Re: Concurrency in an RDB

From: David <davidbl_at_iinet.net.au>
Date: 23 Dec 2006 19:54:06 -0800
Message-ID: <1166932446.030108.319750_at_42g2000cwt.googlegroups.com>


Marshall wrote:
> On Dec 23, 5:08 pm, "David" <davi..._at_iinet.net.au> wrote:
> > Marshall wrote:
> >
> > > I'm not sure if this is a trivial rephrasing of what you just
> > > said or an actual disagreement, but no, I would not agree
> > > that they "shouldn't" be enforced on every update.
> > > However I would agree that there may be practical limitations
> > > on so doing, such as the amount of time necessary to check
> > > the constraint. Any constraint that can practically be checked
> > > on every update should be.
> >
> > You suggest that performance is the only issue at stake. In examples
> > like the above, a verification failure often points to an error in
> > *previously* committed changes. Software development is a good example
> > of a "non-monotonic" process. Sometimes you need to commit a change
> > that will temporarily break the integrity of the system.
> >
> > Now you could argue that the user should be forced to make all the
> > changes necessary for the DB to atomically change from one valid state
> > to the next. However in some domains that could lead to long running
> > transactions that take hours, days or even months to complete.
>
> How is that not exactly and precisely a performance argument?

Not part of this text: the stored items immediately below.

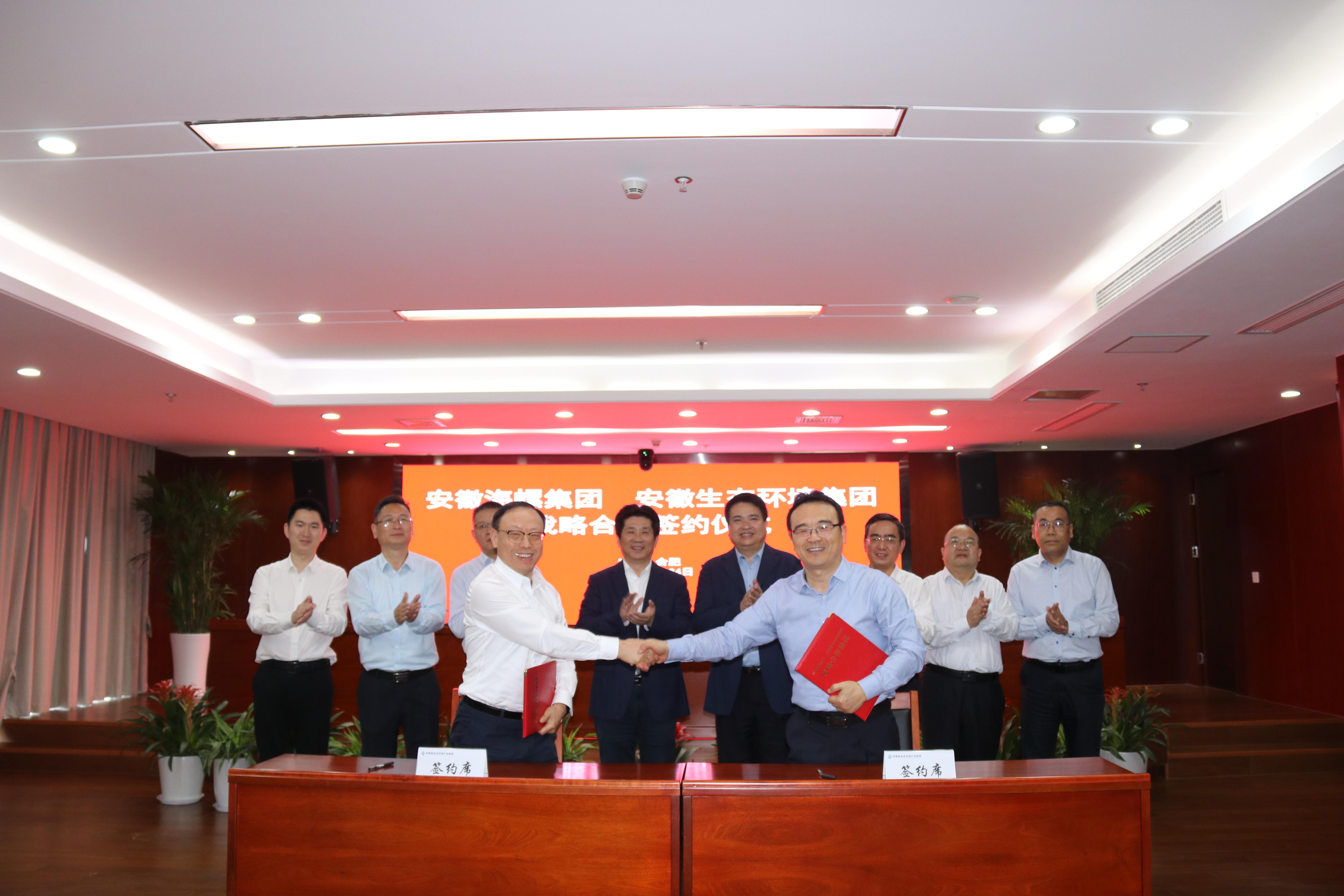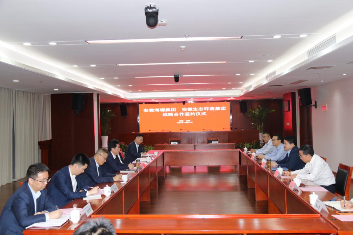 省生態(tài)環(huán)境集團黨委委員、副總經(jīng)理王奇,海螺集團黨委委員、副總經(jīng)理吳斌代表雙方簽署戰(zhàn)略合作協(xié)議。安徽環(huán)境科技集團、安徽順朝公司、海螺水泥、海螺環(huán)保以及雙方有關(guān)部門負責同志參加會議。
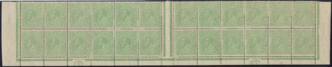 ½d. green block of twenty-four (12x2) being the lower two rows of the sheet with two "CA" monograms (the left hand "CA" substituted for "JBC"), large part original gum, extensive perf. strengthening and somewhat aged. BW65(4)zf, $3,000
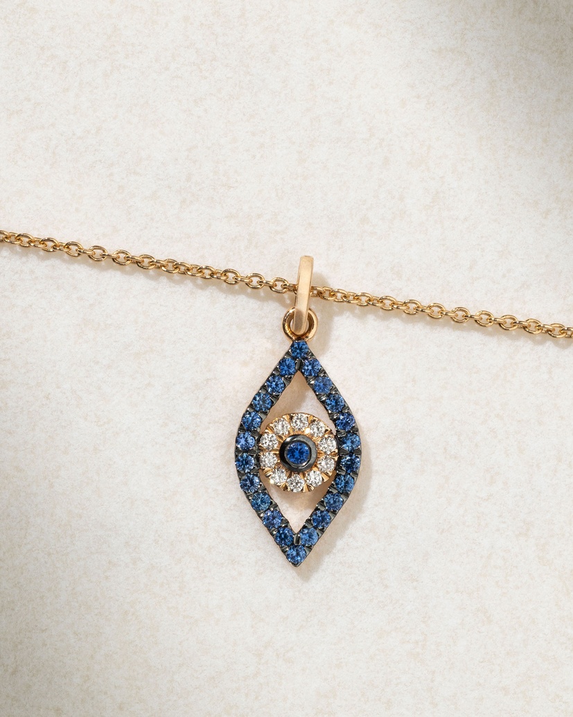 An ancient symbol that protects and guards you, this talisman necklace drops vertically under a subtle mat rose gold chain. The shape of the lucky eye is outlined with blue sapphires while the iris is inlaid with a vibrant central sapphire surrounded by a halo of brilliant cut diamonds.
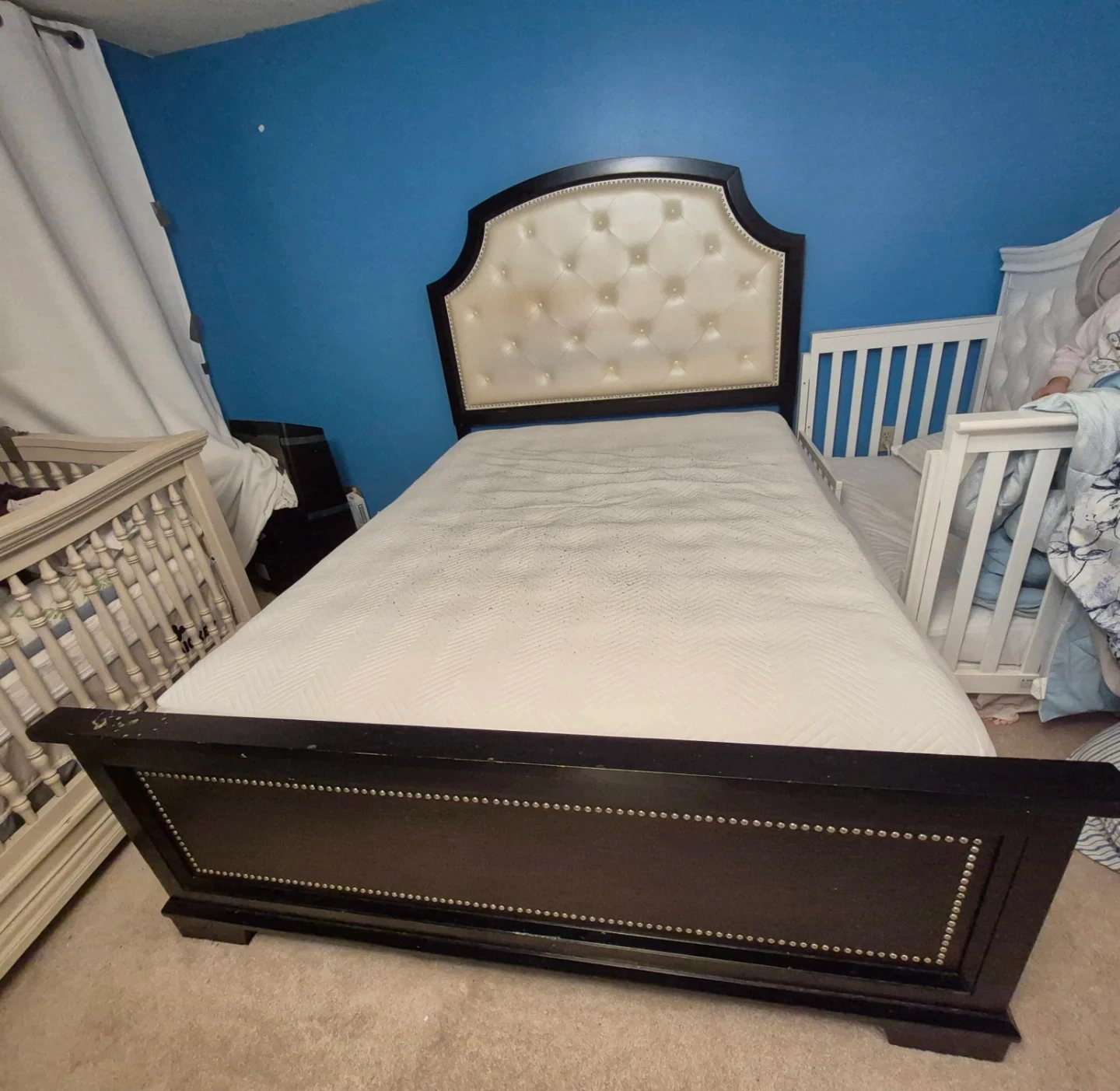 10Selling a bed frame with a dark wood finish and upholstered headboard. It's in good condition and has a stylish, classic look. Perfect for adding a touch of elegance to any bedroom!
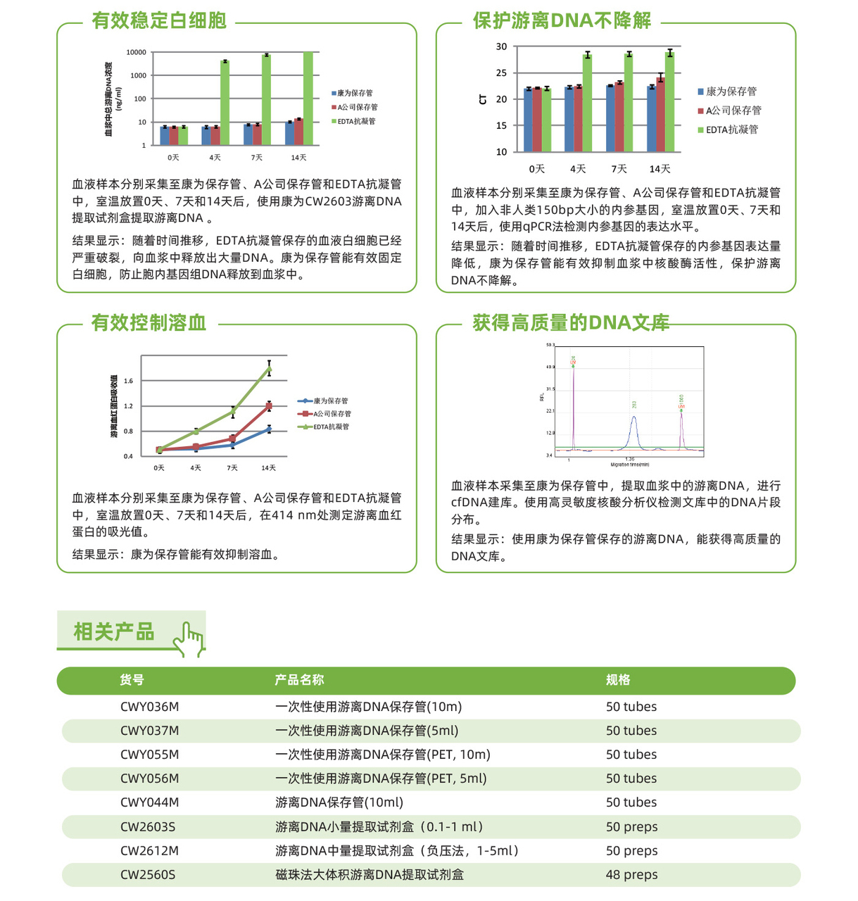 抑制核酸酶降解游离DNA,在4-37℃条件下可保存血液中的游离DNA长达14天。
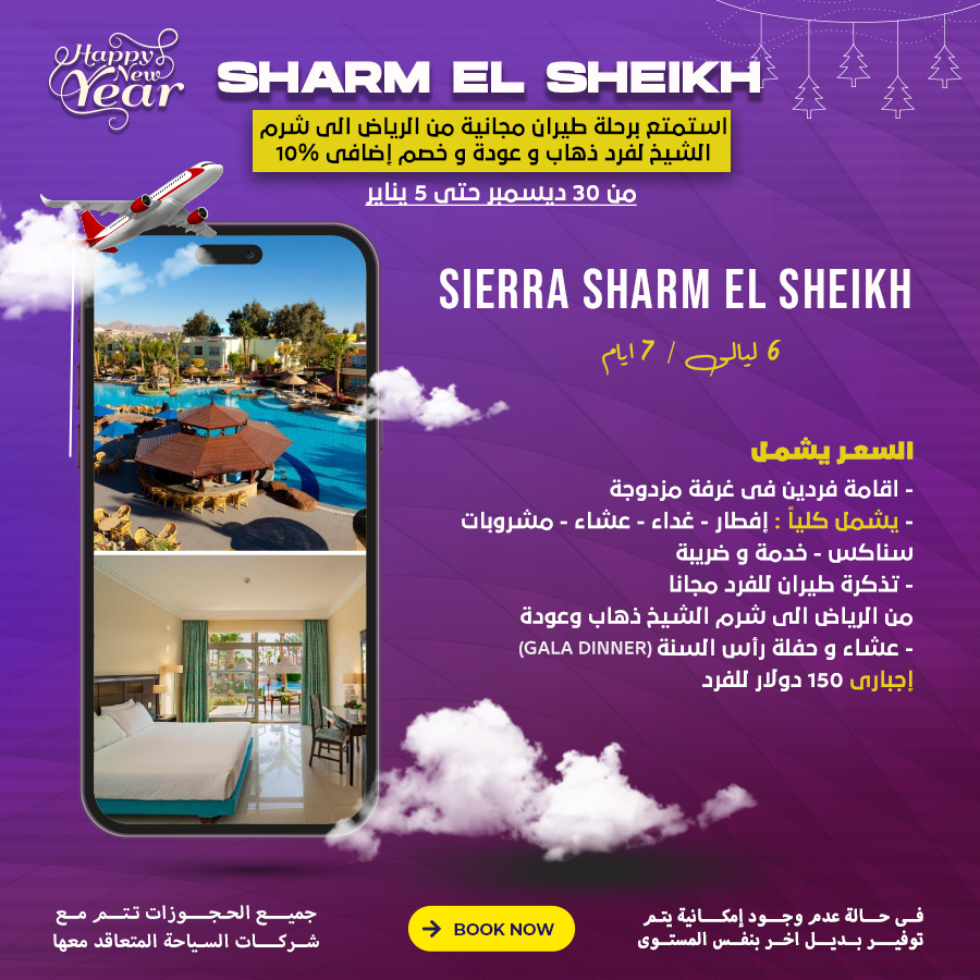 السعر يشمل إقامة فردين في غرفة مزدوجة شامل كليا فطار_غداء_مشروبات_سناكس_خدمة وضريبة تذكرة طيران للفرد مجانا من الرياض الي شرم الشيخ ذهاب وعودة عشاء وحفلة راس السنة gala dinner إجباري 150 دولار للفرد
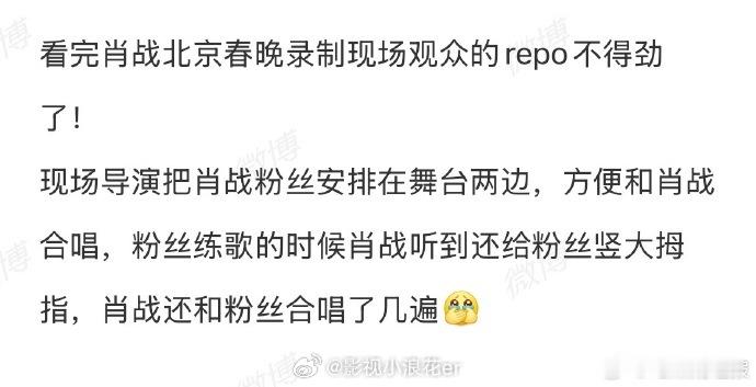 肖战和粉丝合唱肖战北京春晚观众repo宠肖战还得是北京卫视北京卫视用实际行动宠肖战,连续多年给予优质舞台,见证他从青涩到兼具实力与感染力的蜕变。
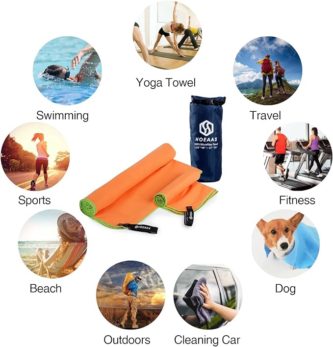 - SUPER ABSORBENT & QUICK DRYING: HOEAAS microfiber camping towel is made of soft and skin-friendly microfiber fabrics, which super absorbent and fast drying. Soaks up 5X its weight in water and dries nearly 10X faster than cotton towel, repeat use it a short time, no bad odors. So you never have to worry about your microfiber beach towels soiling or stinking up the rest of your gear. After dry your sweat or body water, Spread out or hang up the quick dry towel will be dry in minutes!
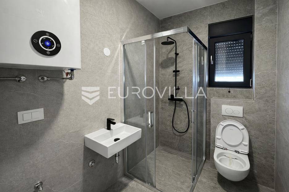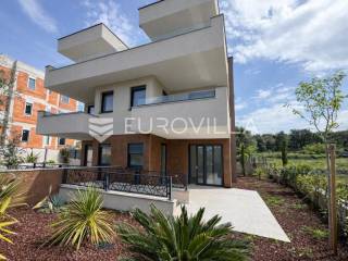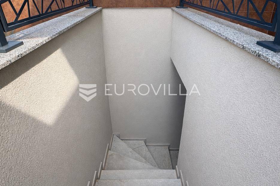 Pag, Jakišnica, novogradnja, prizemni stan s vrtom i konobom, 104,11 m2Na prodaju je vrhunski opremljen stan u prizemlju manje stambene zgrade s ukupno 5 stambenih jedinica, smješten u mirnom dijelu Jakišnice, na samom rubu građevinskog pojasa.Stan S2, zatvorene površine 56,85 m2 sastoji se od dvije spavaće sobe, kuhinje s blagovaonicom i dnevnim boravkom, kupaonice, zasebnog wc-a te natkrivene terase. Nekretnini dodatno pripada konoba u podrumu s kuhinjom i kupaonicom površine 33,15 m2, vrt 77,80 m2 te jedno parkirno mjesto.Ukupna neto korisna površina iznosi 104,11 m2, dok ukupna korisna površina nekretnine iznosi 198,62 m2.Stan odlikuje vrlo kvalitetna oprema od čega izdvajamo:Mitra protuprovalna i protupožarna vrataMDF unutarnja vrata sa skrivenim pantimaTroslojna stolarija s komarnicima i električnim roletamaBjelini parket u sobama italijanska gres porculan keramika velikog formataPodno električno grijanje te Daikin klima uređajiGeberit sanitarije, Hansgrohe slavine i tuševi te tuš kabine s kaljenim staklom 8mmOdlična nekretnina za odmor, cjelogodišnje korištenje ili turistički najam na jednoj od mirnijih i uređenijih lokacija sjevernog dijela otoka Paga.Za više informacija stojim na raspolaganju.... Više na eurovilla.hr, ID: 613558
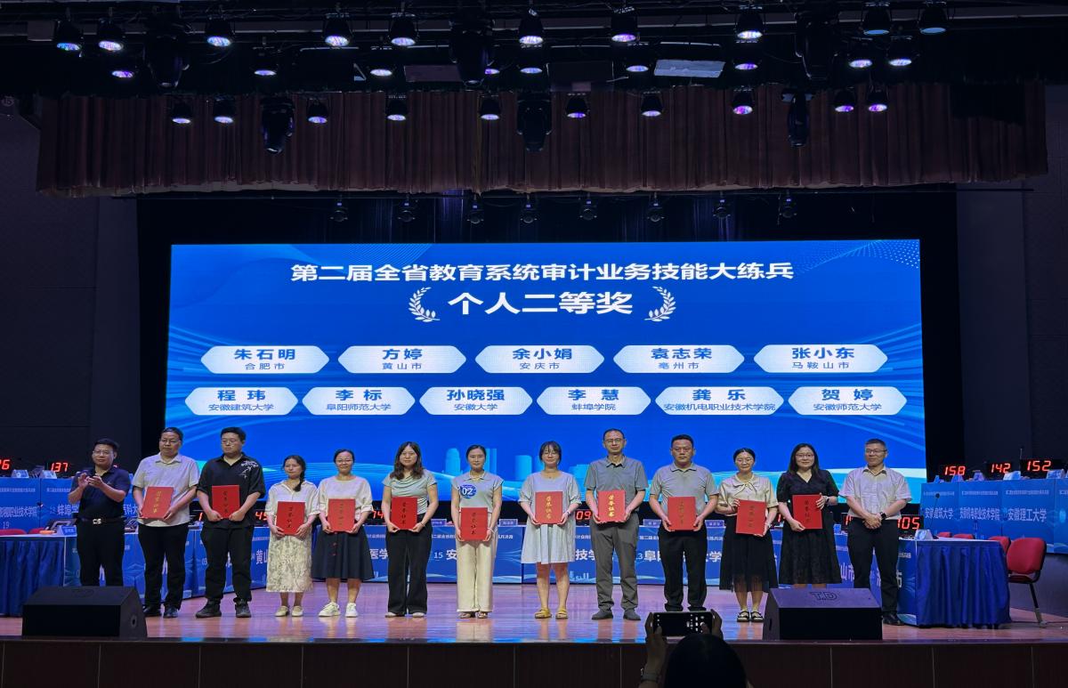 7月4日下午,由安徽省委教育工委、安徽省教育厅主办,安徽大学承办的第二届全省教育系统审计业务技能大练兵活动在安徽大学圆满落幕。经过激烈角逐,beats365审计处代表队在决赛中荣获集体一等奖和优秀组织奖,程玮同志获个人二等奖。
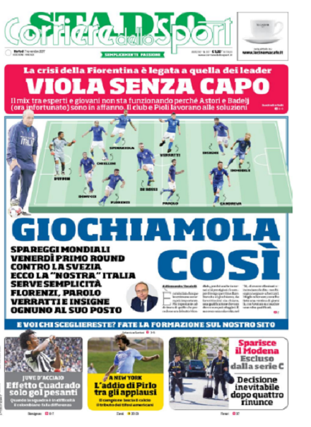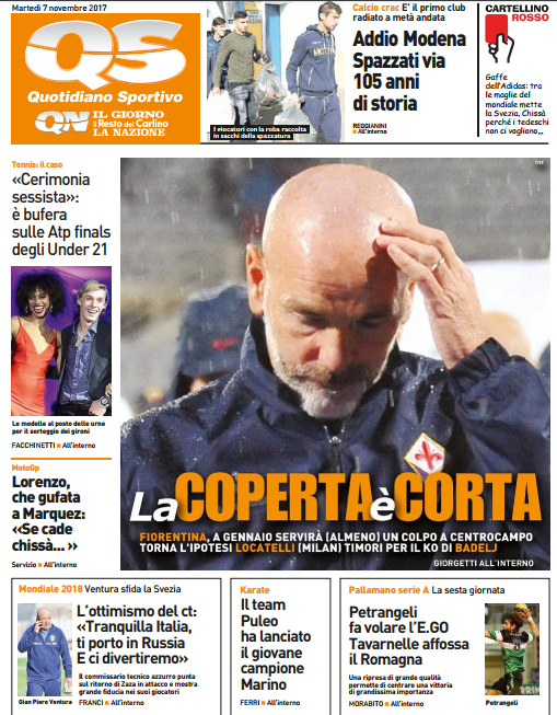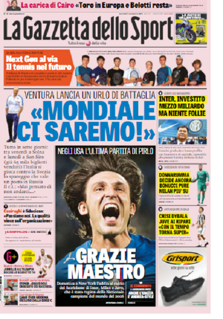 Queste le prime pagine dei quotidiani di Corriere dello Sport, Corriere dello Sport Stadio, Qs-La Nazione, Tuttosport e Gazzetta dello Sport in edicola questa mattina:
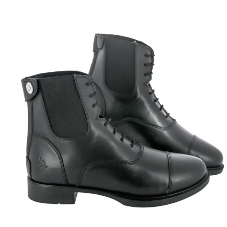 Estas prácticas botas de paddock y equitación combinan un aspecto de cordones con un cierre de cremallera en la parte trasera para ponérselas rápidamente. Fabricadas con un suave material sintético que imita el cuero, son fáciles de cuidar y siempre lucen como nuevas. Perfectas para el día a día e incluso para las competiciones.
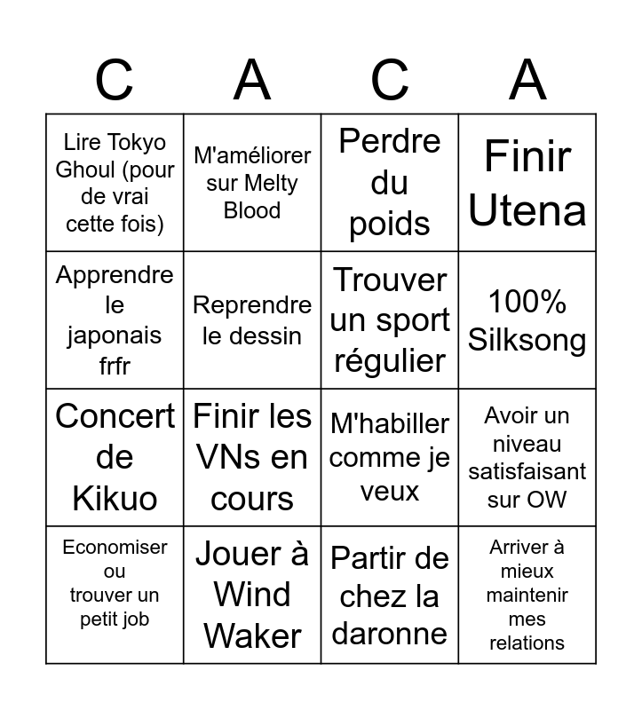This bingo card has 16 words: Jouer à Wind Waker, Avoir un niveau satisfaisant sur OW, Perdre du poids, Lire Tokyo Ghoul (pour de vrai cette fois), Concert de Kikuo, M'améliorer sur Melty Blood, M'habiller comme je veux, Partir de chez la daronne, Apprendre le japonais frfr, Reprendre le dessin, Economiser ou trouver un petit job, Finir Utena, Finir les VNs en cours, 100% Silksong, Trouver un sport régulier and Arriver à mieux maintenir mes relations.
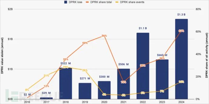 根据区块链分析公司Chainalysis的最新报告,曹县黑客在2024年通过47次网络攻击,窃取了价值13.4亿美元的加密货币。
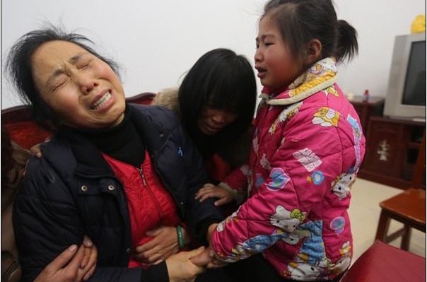 湖南省娄底市新化县上梅镇北渡中心小学因保护学生遇难校长妻子康桂梅伤心不已
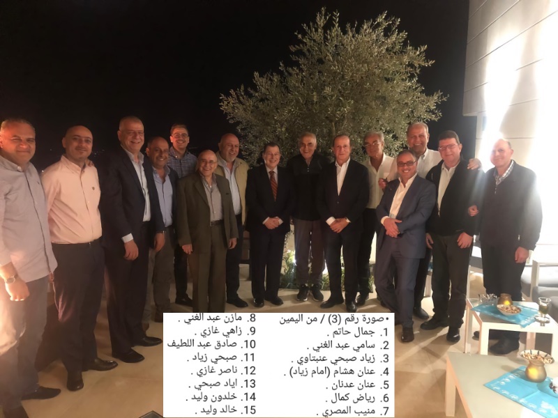 Right to left: Jamal Hatem, Sami Abdulghani, Ziyad Sobhi Anabtawi, Anan Hisham (in front of Ziyad), Anan Adnan Anabtawi, Riyad Kamal, Munib Al-Masri, Mazen Abdulghani, Zahi Ghazi, Sadeq Abdul-Latif, Sobhi Ziyad, Nasir Ghazi, Iyad Sobhi, Khaldoon Waleed, Khaled Waleed |

Technically it is. However I expect that software developers would find the idea that edits are transactional at a high level (and may take hours or days) quite ridiculous. For example, they would wonder what happens if the power failed. I was arguing that in the mind of the user, software development is indeed non-monotonic.

> I will admit that I have seen examples of commits that break
> the system. For example, Perforce doesn't allow one to both
> move and modify a Java source file in a single transaction.
> Since Java source code specifies the package that it's in,
> and since the package must correspond to a directory, this
> is necessarily a compile-breaking checking. But that's a
> limitation of the tool, not of the process; if Perforce
> simply supported move-and-modify it becomes a non-issue.
>
> And in fact over time I've become more and more
> aware of just how much pain in the software world is
> cause by dbms implementations that don't realize they're
> dbmss, and hence fail to get right things that were solved
> problems decades ago. This is so prevalent that I've
> called it Spight's Law, which in essence says you have
> a dbms whether you realize it or not. (And if you don't
> realize it you have a crappy, broken one.)

Agreed.

> > > > I have the impression (please correct me if I'm wrong) that your
> > > > assumption that a DB should always be in a valid state is coloured by
> > > > the (relational) problems that you have expertise in.
> >
> > > Certainly this is always true for everyone. However I am having
> > > a hard time seeing the value of your approach given how much
> > > less it lets us count on the dbms.
> > Is it really a problem? A workflow can easily force a user to run the
> > verification as part of the process of using the DB within a system.
> >
> > As an example, good software companies have a release engineering
> > workflow that ensures that the release has passed various unit tests,
> > regression tests etc before it can be released. It goes without saying
> > that it must compile successfully.
>
> I suppose it could be considered a matter of perspective. If the
> system requires checkins to compile, then we can say we have
> a database of valid source code. If the system allows checkins
> which don't compile, then we ought to say we have a database
> of text files that may or may not be valid in some particular
> language. By and large I've seen that people are happy with
> the latter.

An edit by a user on a local working set is quite a different thing to a "check-in" to a repository.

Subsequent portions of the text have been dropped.